Nothing but the pictures is dropped; write out all the remaining data below exactly.

** DATASET EXCERPT follows **

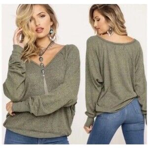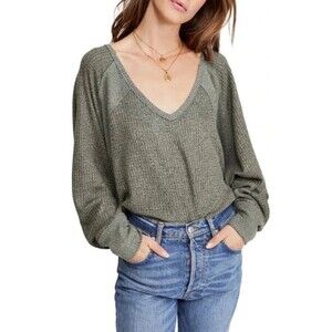 FREE PEOPLE Womens Santa Clara V-Neck Thermal Sweater Top Ferngully Size XS
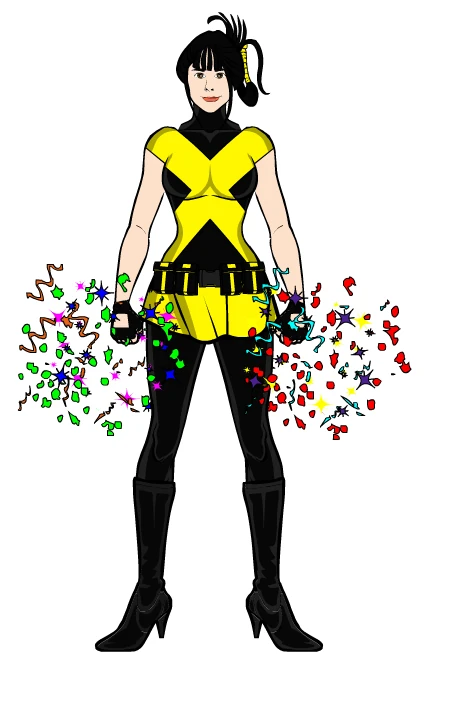 - Pyrotechnic Manipulation: She regularly uses this power to create/generate, shape and manipulate plasmoid projections she regularly calls her fireworks, often taking the shape of brightly colored streamers, sparklers and multi-colored energy globules that exploded at her mental command. Obeying her mental control traveling where she directs them, arranging themselves however she saw fit and exploding whenever she wished.
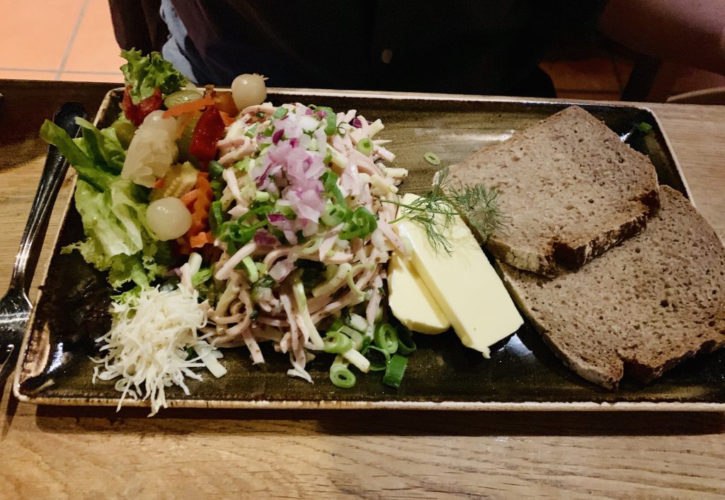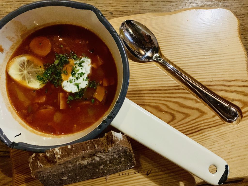 Wir probieren die Soljanka, den Käse-Wurst-Salat, die Pellkartoffeln und ein Cordon Bleu. Begleitet von einem Spreewälder Hefeweizen und als Absacken gibt es einen Spreewälder Kräuterlikör.
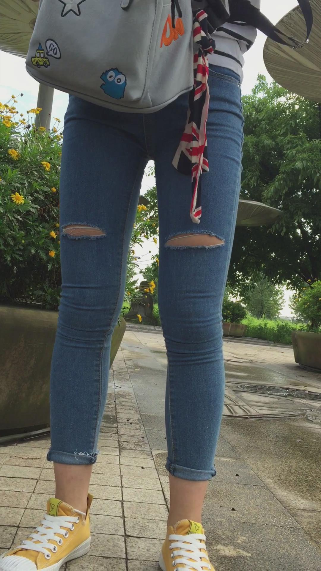 清纯蓝色牛仔裤条纹衫学妹外拍视频第二集 编号6856

** End of DATASET EXCERPT **

-- REPLY --
 FREE PEOPLE Womens Santa Clara V-Neck Thermal Sweater Top Ferngully Size XS
 - Pyrotechnic Manipulation: She regularly uses this power to create/generate, shape and manipulate plasmoid projections she regularly calls her fireworks, often taking the shape of brightly colored streamers, sparklers and multi-colored energy globules that exploded at her mental command. Obeying her mental control traveling where she directs them, arranging themselves however she saw fit and exploding whenever she wished.
 Wir probieren die Soljanka, den Käse-Wurst-Salat, die Pellkartoffeln und ein Cordon Bleu. Begleitet von einem Spreewälder Hefeweizen und als Absacken gibt es einen Spreewälder Kräuterlikör.
 清纯蓝色牛仔裤条纹衫学妹外拍视频第二集 编号6856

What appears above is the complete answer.